As most kayak anglers learn early in their careers, we often find ourselves logistically challenged. Regardless of where you launch and physically capable you might be with a paddle in your hands, there’s always going to be places you would like to fish but simply cannot reach. This is where mothershipping becomes an option.
For anglers who might also own a skiff, or have a friend that does, mothershipping is when you load a kayak or two in the skiff and transport them greater distances than we can paddle to marsh or other backwater areas that are ideally suited to fishing from the kayak. Solving the logistics problem from this angle greatly expands the paddling angler’s horizons, saves time and exertion, and makes for a very enjoyable outing. There is nothing more disheartening than facing the trip back to the dock after a full day of fishing, under blazing summer sun into a headwind.
Last fall, I made a skiff trip, sans kayak, and decided to ease into a pond that I had never fished. Shortly upon entering, the sound of oyster shell scraping gelcoat reached my ears like fingernails on a chalkboard. More than I could stand, I decided to ease back, anchor outside, and study the pond for signs of life. Sure enough, within a short time, I began noticing tails popping up across the flat and I could see a small school of reds pushing along the far shoreline. Seeing is knowing; but how could I get to them? I kept thinking to myself, “Man, I wish I had my kayak!”
Since that day, I kind of put that remote pond on the back burner but never forgot about it. Here recently with all the rain, my typical areas in Sabine have been inundated with fresh water, which led me to wanting to explore new fishing grounds. That was when I got the idea to mothership back to that shallow, oyster-filled pond and see if those reds might still be there. Later that afternoon I made a post on the Upper Coast Kayak Anglers forum asking if anyone wanted to join me. It wasn’t long when my buddy Daniel called to say he was up for it. We put a game plan together and decided to meet early in order to get the kayaks loaded and strapped down.
We arrived to the boat ramp just in time for the sunrise and we began our journey with both kayaks strapped along the gunnels of the skiff. We made our way through the bayou that leads to the oyster pond, but this time, I knew to stop short of the entrance. I lowered the Power Pole and we began unloading kayaks and gathering gear. Scanning the area, we devised a plan with Daniel heading to the right while I went left, eventually meeting in the middle around a cluster of small islands. Further fishing plans would be decided after the rendezvous.

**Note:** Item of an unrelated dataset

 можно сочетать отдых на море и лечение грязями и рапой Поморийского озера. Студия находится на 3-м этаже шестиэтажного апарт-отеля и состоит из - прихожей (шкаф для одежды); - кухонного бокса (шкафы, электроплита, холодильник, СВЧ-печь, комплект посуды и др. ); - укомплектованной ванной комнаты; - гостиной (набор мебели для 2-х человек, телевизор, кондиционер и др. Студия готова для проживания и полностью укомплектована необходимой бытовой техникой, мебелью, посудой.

As we broke away, I began to paddle and could feel the blades scraping clumps of oysters. Expecting there might be fish hanging on that structure, I stopped and started throwing a She Dog across the flat before creating too much disturbance. I didn’t make it 30 yards into the pond before seeing a swirl out in front of me. Too big to be a mullet, I made a cast just to the side of it and began a slow retrieve. Just as the lure passed the targeted area, a small wake began trailing my lure and grew quickly. In true redfish fashion, it attacked from behind and just smoked my She Dog. There is no hookset required with a strike like that; all I needed to do was hang on. As soon as the line came tight the fish made a sharp turn into the oysters and broke me off. No worries though, at least I knew I was on some willing fish.
Tying another lure, I could hear redfish blowing up along the shore further ahead. Since that was the only topwater I had with me, I tied on a Keitech swimbait with an Owner Twist Lock hook (weedless) to keep it from snagging on the shell. Before I could make another cast I heard Daniel’s yell signaling he was hooked up. Even from where I was at I could tell he had a decent fish on. Time to keep moving!

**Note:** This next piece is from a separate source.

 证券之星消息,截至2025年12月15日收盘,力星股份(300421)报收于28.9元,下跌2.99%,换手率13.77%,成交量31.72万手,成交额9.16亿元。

I continued fishing the shoreline while keeping a sharp eye in the middle of the pond for signs of fish. The water was just deep enough to keep the fish concealed unless they were moving. As I moved forward, I got to the mouth of a pocket and spooked a fish that was sitting there. I judged the angle of the wake and made a cast that enabled bringing the lure directly into its path. A solid thump and the fight was on. The fish made several strong runs before I could bring it alongside the kayak, weighed it on the Boga Grip, snapped a photo, and made a quick release.

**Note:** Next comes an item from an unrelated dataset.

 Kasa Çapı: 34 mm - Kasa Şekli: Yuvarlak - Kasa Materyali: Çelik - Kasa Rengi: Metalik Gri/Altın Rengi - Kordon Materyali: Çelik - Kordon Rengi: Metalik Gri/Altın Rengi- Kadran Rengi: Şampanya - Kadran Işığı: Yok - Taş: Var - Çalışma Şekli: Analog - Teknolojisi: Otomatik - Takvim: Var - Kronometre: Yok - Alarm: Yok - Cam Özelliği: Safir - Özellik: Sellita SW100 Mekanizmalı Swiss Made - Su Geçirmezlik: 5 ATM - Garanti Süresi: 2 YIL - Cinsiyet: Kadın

Like we had planned, Daniel and I eventually met at the islands. He had landed two nice fish, lost one at the kayak, and had several more short strike his topwater. While talking about the drift we’d just made and what our next move was going to be, we both heard a familiar sound. Daniel made a long cast and was hooked up. We got a quick picture with his fish and sent her back into the pond. It seemed like that fish was the turning point for our morning. That was the last fish we enticed to bite. We pushed several fish but could not get any to eat. It was almost like they were sleeping and didn’t want to move or feed.
After realizing the bite had died and the temperatures were quickly rising, we decided to head back to the mothership and ride around to look at a different area. We slid the kayaks back on the boat, strapped them down and away we went. We found a few more fish throughout the day but they seemed to have the same lethargic attitude as the fish in the first pond. That was our sign and we decided to call it a day.It turned out to be a fun day of fishing and getting to do it in a new area. Without a doubt, we would not have been able to accomplish it without mothershipping via the skiff. I hope you are able to explore new water as we did, see new sights, and perhaps catch a few fish. Stay safe out there!